A limitation of our method is that it works with chunks of video data—collections of 150 frames from the video. This can be restricting in certain scenarios. As a future direction of development, we plan to increase responsiveness of the method so relevant parties can react quicker in the event of a fall. As with all other optical flow methods, GLORIA Net needs constant brightness of the scene in order to function properly. A future direction of work may include sensor fusion with an IR camera, utilizing the multi-spectral nature of the GLORIA technique. This would allow the fall detection method to function in more varied lighting conditions.

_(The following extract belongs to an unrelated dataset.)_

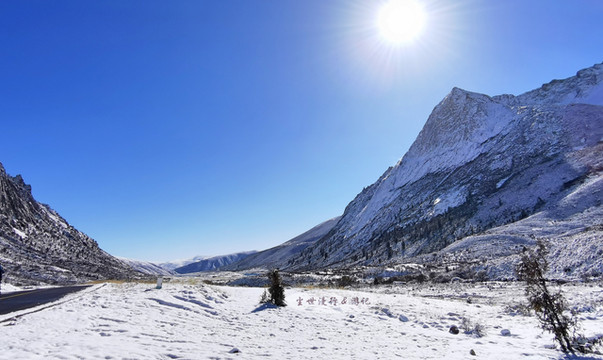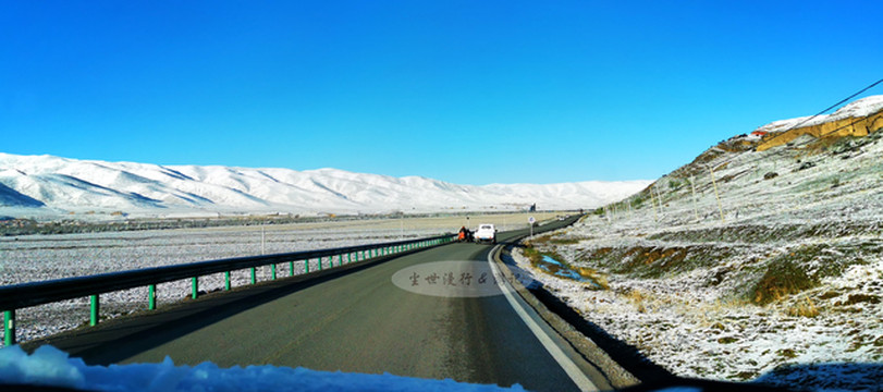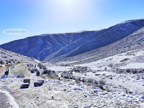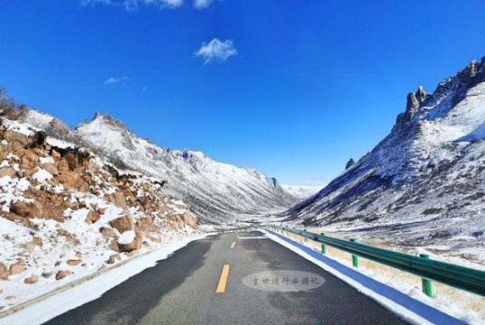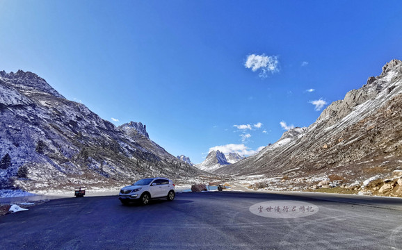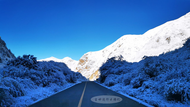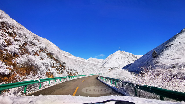 感谢上苍,今天又是个大晴天!行驶在国道上,基本上只看到两种颜色:蓝色是天,白色是地(山)。

Another direction for future development is to define and extract features from the data that are related to the fall event in a physical sense. For example, we may look at the fall duration, the acceleration of the person, whether or not movement is periodic, and other similar quantities. Such preliminary refinement may help increase the accuracy of our fall detection scheme.

The datasets we have used in the current article are of videos in which a single person is present. We plan to test our method and upgrade it if needed on data that contains multiple moving people. A more thorough investigation of the additional LSTM block will be conducted on this data.

Many commercially available fall detection systems exist. Like the method here, they are described as accurate, inobtrusive, real-time, and automatic. What our system can do better is to rely on less sensors than wearable approaches [6,7]—it can work with a single camera while retaining real-time function with accurate results. In addition, cameras are readily available and can be found in many hospitals and homes, which removes the need to install and maintain special ambient sensors [5]. These benefits of our method, when compared to commercial products, further highlight its usefulness and ease of applicability.